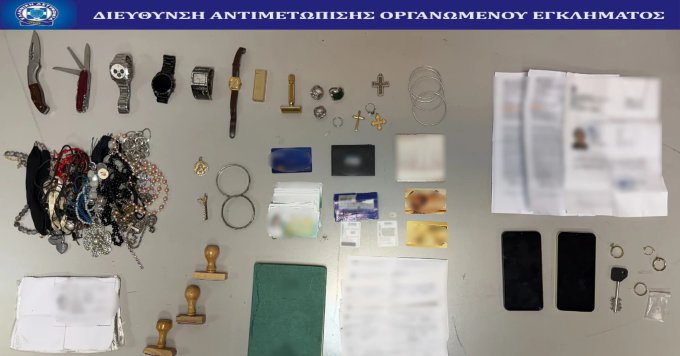 Σύλληψη αλλοδαπής για διακεκριμένες κλοπές κυρίως σε βάρος ατόμων με κινητική ή νοητική αναπηρία, προσποιούμενη την οικιακή βοηθό. Σε έρευνες, μεταξύ άλλων, βρέθηκαν και κατασχέθηκαν ρολόγια, δαχτυλίδια, κοσμήματα, αναδιπλούμενος σουγιάς, μικροποσότητα ναρκωτικών ουσιών και πλαστή βεβαίωση νόμιμης διαμονής
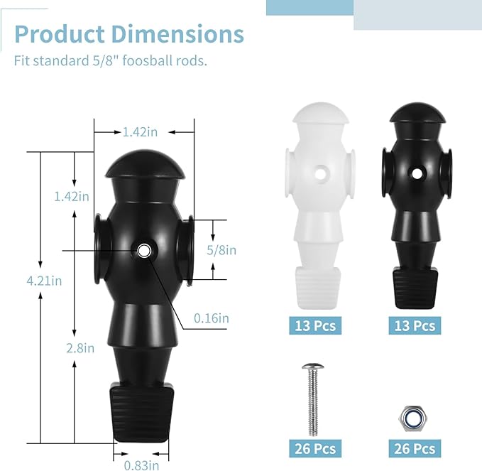 - Complete Set: Includes 26 foosball players,13 black and 13 white; each player stands 4.21" tall with a 0.16" back round hole diameter and 5/8" hole diameter, fitting standard 5/8" foosball rods; please check the sizes before purchasing
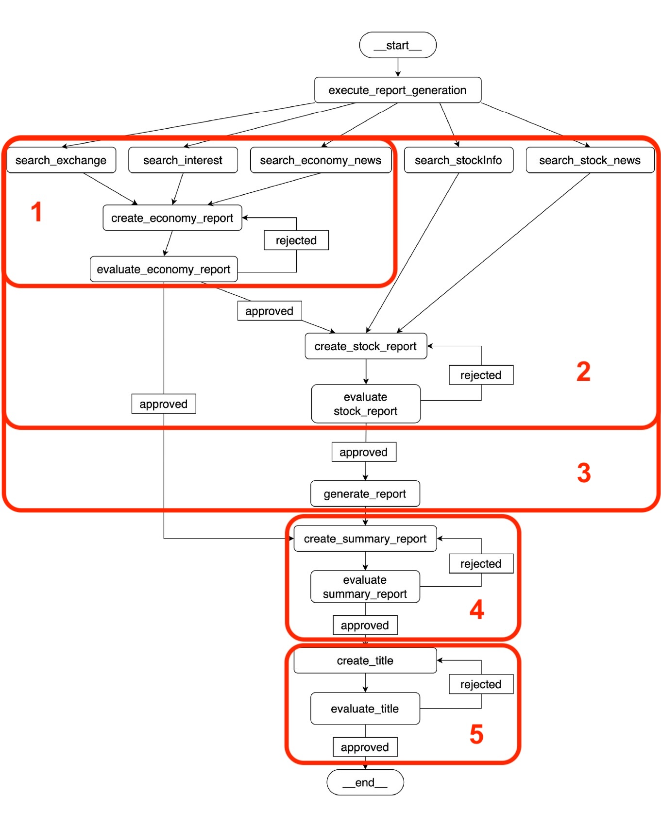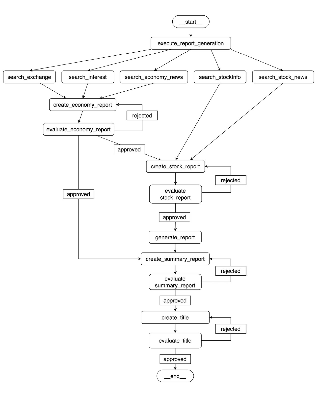그리고 만들어진 경제 리포트와 주가, 주식 뉴스를 합쳐 주식 리포트를 생성합니다. 이 친구도 최대 3번까지 LLM as a judge 방식을 통해 평가됩니다.
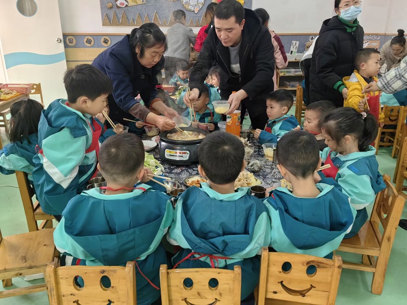 本网讯 12月8日,东坪镇闵家小精灵幼儿园中班组开展了冬日围炉,火锅盛宴等特色活动。 据悉,活动前,孩子们就此次活动进行了激烈的讨论和准备。为了让幼儿有参与感,有小主人的意识,同时增强生活体验感,老师根据食材清单制作了任务卡,让幼儿以盲抽的方式领取对应的任务,并按要求去准备好相应的食材。活动当天,孩子们自主分组,分工协作,有的小朋友负责切菜,有的小朋友负责洗菜,有的小朋友剥大蒜头、鹌鹑蛋,有的小朋友负责洗水果……大家忙得不亦乐乎,十分默契。火锅虽味美,但吃火锅时安全特别重要,吃火锅前教师也对幼儿进行了相关安全教育,并每桌委派了3-4名家长和1名行政负责看管用电安全及幼儿安全,为本次活动的顺利开展奠定坚实基础。 “我要吃虾,我要吃面。”在阵阵欢声笑语中,食材在浓汤中翻滚着,孩子们围坐在餐桌旁,狼吞虎咽地享受起了自己的劳动成果。教育即生活,生活即教育,本次活动中,闵幼孩子们从了解食材、罗列食材清单、准备食材、处理食材、享受食材,孩子们在认知体验、自主操作的过程中,提高自我服务的意识,发展自我成长的力量。(通讯员戴欢妮 林志群 酉海花)
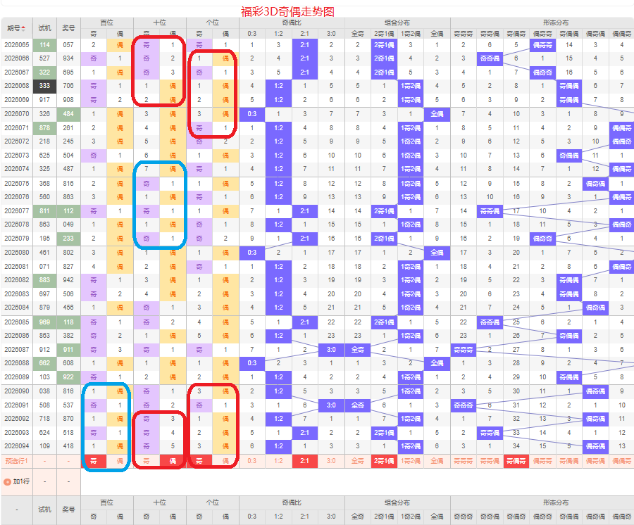 上期奇偶比是1:2,两偶的号码组合方式,从近五期的奇偶数出现情况看,奇数出现8次,偶数出现7次,奇数偶数号码出现较平均,本期侧重两奇的号码组合,侧重奇偶奇或奇偶偶的号码组合方式,根据奇偶形态做五码定位13579/02468/13579或13579/02468/02468
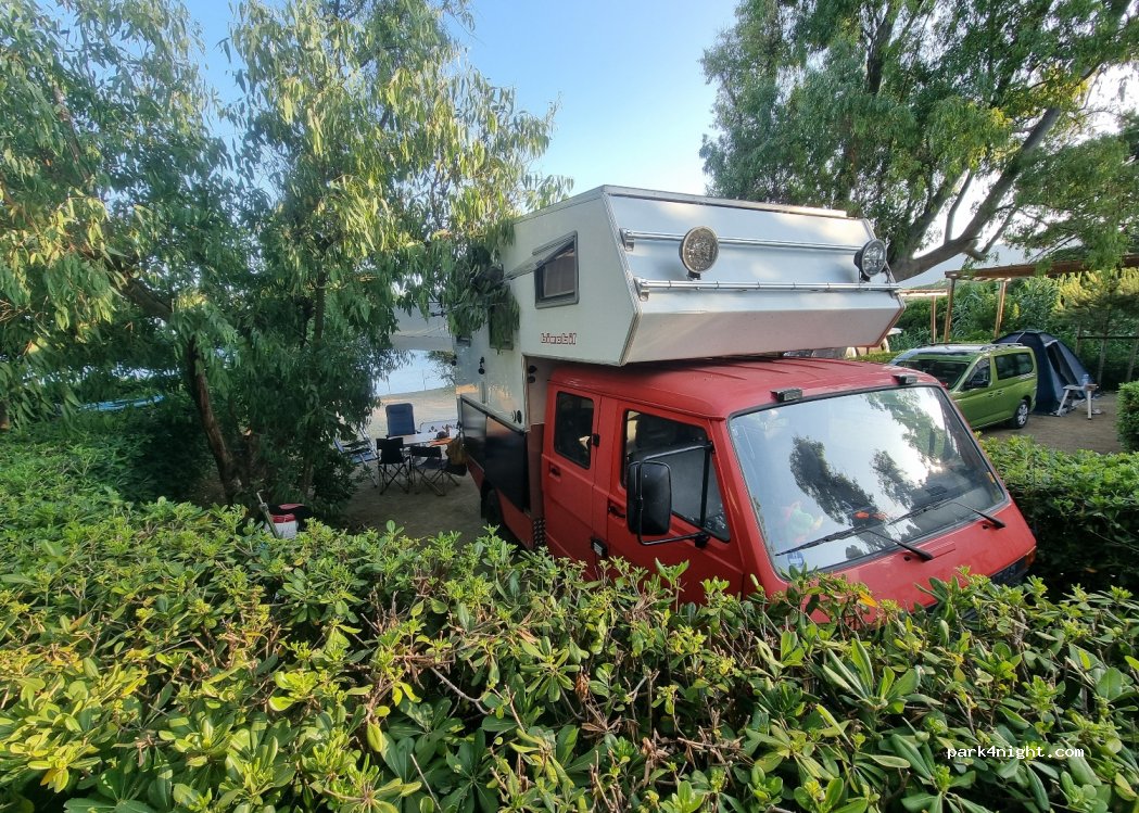 El camping se llama La Riccia. Excelente terraza para acampar y sombra. A sólo unos metros del mar. Los dueños fueron muy amables. Instalaciones sanitarias perfectas. Parcelas de terreno lo suficientemente grandes y algunas bien demarcadas. De difícil acceso para autocaravanas de más de 6…7 m. Algunas localidades con vistas al mar y otras resguardadas del viento.
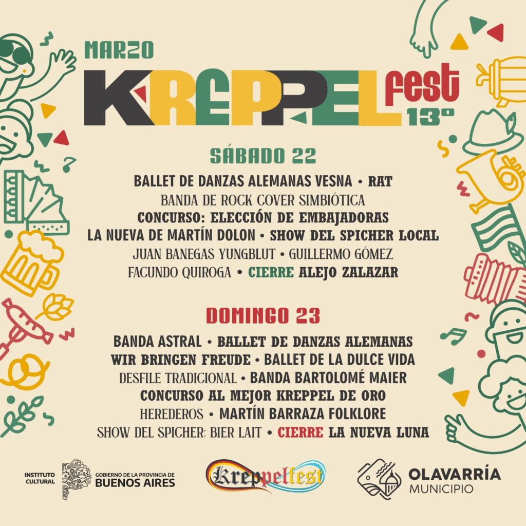 La decimotercera edición de unos de los eventos más convocantes de Olavarría y la región y más esperado ansiosamente no sólo por la comunidad de localidad sino por las y los centenares de visitantes que marcan en su calendario la fecha para no perderse la oportunidad de degustar los más sabrosos kreppel, pero también la oferta gastronómica que distintas instituciones y entidades desplegarán a lo largo y ancho de la avenida De los Fundadores.
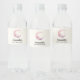 Etiquetas de garrafa de água com uma ilustração adorável que apresenta uma lua rosa e púrpura da lua. Bonito flores silvestres cor-de-rosa e amarelas adornam este corpo celeste.
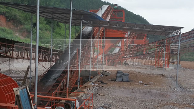 日產(chǎn)6000-8000噸石子生產(chǎn)線配套設備:PCZ1620重型錘式破碎機、ZG2028振動給料機、3YKZ2070振動篩*2臺等等
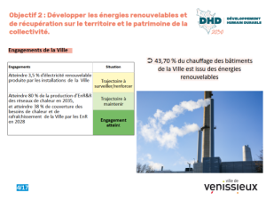 Pour la part des énergies renouvelables, nous atteignons 43,70 % pour le chauffage de notre patrimoine, pour un objectif à 38 %, c’est donc très positif et c’est possible à la fois grâce au mix énergétique du réseau de chaleur et au raccordement de la majorité des bâtiments communaux.
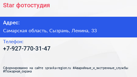 Star, фотостудия по адресу Самарская область, Сызрань, Ленина, 33 в дальнейшем Организация, размещена в следующих категориях:
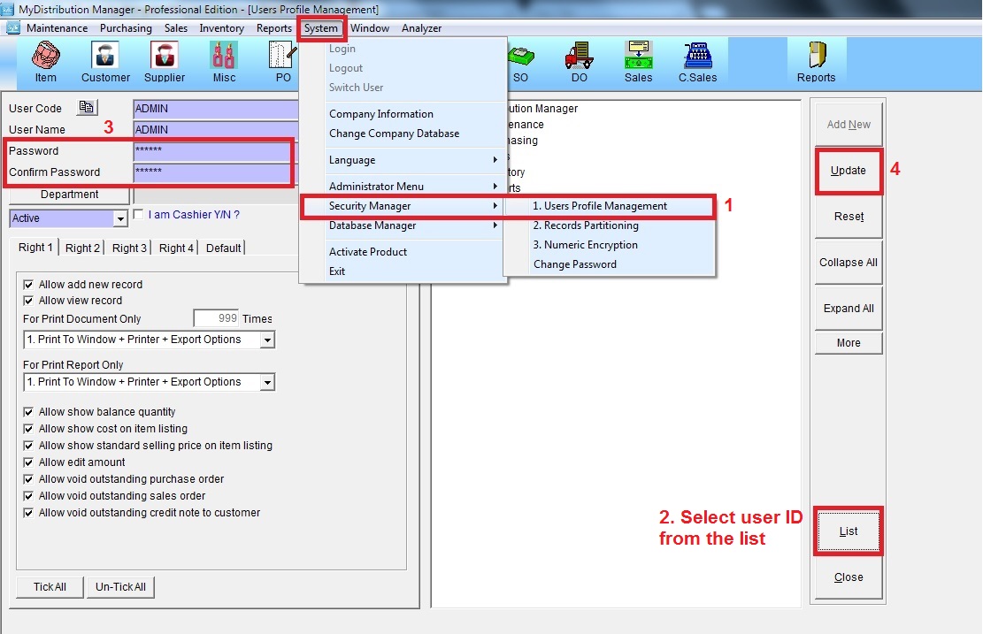 Step 1: Go to System >> Security Manager >> User Profile Management
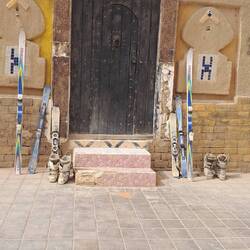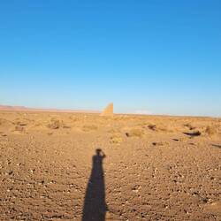 Ein weiteres Kunstwerk in der Nähe fuhren wir noch an, bzw. drum herum, bevor es eeeendlich zum Erg Chebbi ging. Von weitem konnte man schon am Horizont der blauschwarzen Steinwüste Erg Chebbi, Berge gelber Sanddünen, erkennen. Bei Merzouga liegen, neben den Dünen von Erg Chegagga, die einzig höheren Sanddünen Marokkos. Wüsteneinsamkeit findet man hier zwar nicht unbedingt, aber etwas Wüstenfeeling kann man trotzdem erleben. Das Angebot an Ausflügen mit Kamelen bzw. Dromedaren und Vermietung von Quads und sogar Smowboards ist groß.
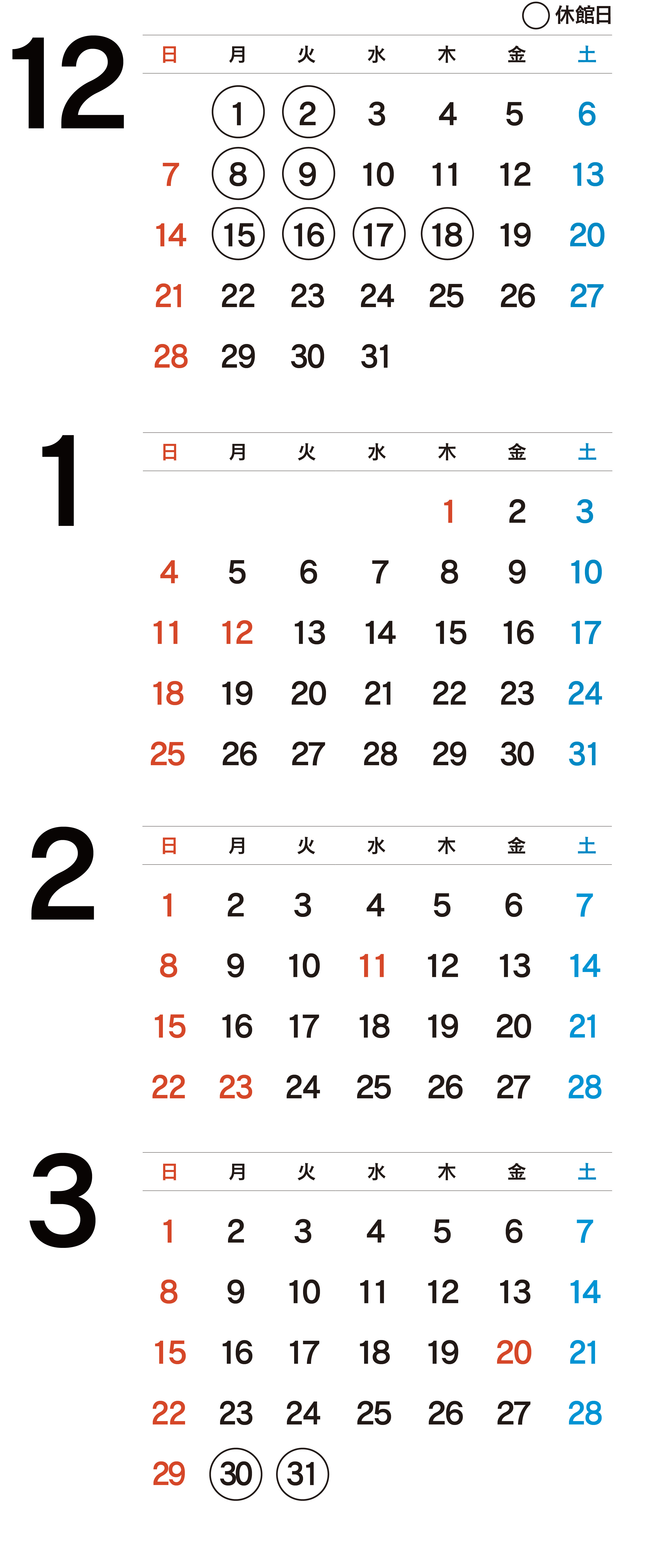 1日(月)・2日(火)・8日(月)・9日(火)・15日(月)・16日(火)・17日(水)・18日(木)
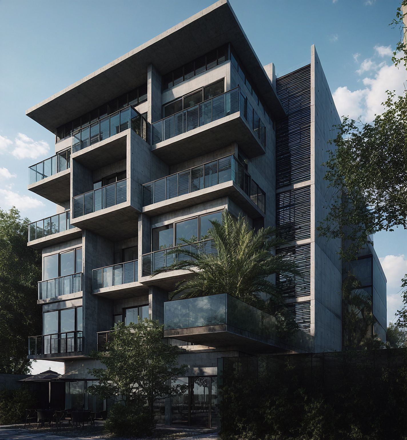 PromptMODERN BUIDING ,CONCRET WALLS. GLASS. LOUVRES. COLOR FACADE. BLACK WINDOWS FRAMES

» EXERCISE DIRECTIONS: For this exercise, set down the lines in the entries above from the one with "Pour la part" through the one with "Step 1: Go to" exactly as written, without any pictures.

» TASK RESULT:
 Pour la part des énergies renouvelables, nous atteignons 43,70 % pour le chauffage de notre patrimoine, pour un objectif à 38 %, c’est donc très positif et c’est possible à la fois grâce au mix énergétique du réseau de chaleur et au raccordement de la majorité des bâtiments communaux.
 Star, фотостудия по адресу Самарская область, Сызрань, Ленина, 33 в дальнейшем Организация, размещена в следующих категориях:
 Step 1: Go to System >> Security Manager >> User Profile Management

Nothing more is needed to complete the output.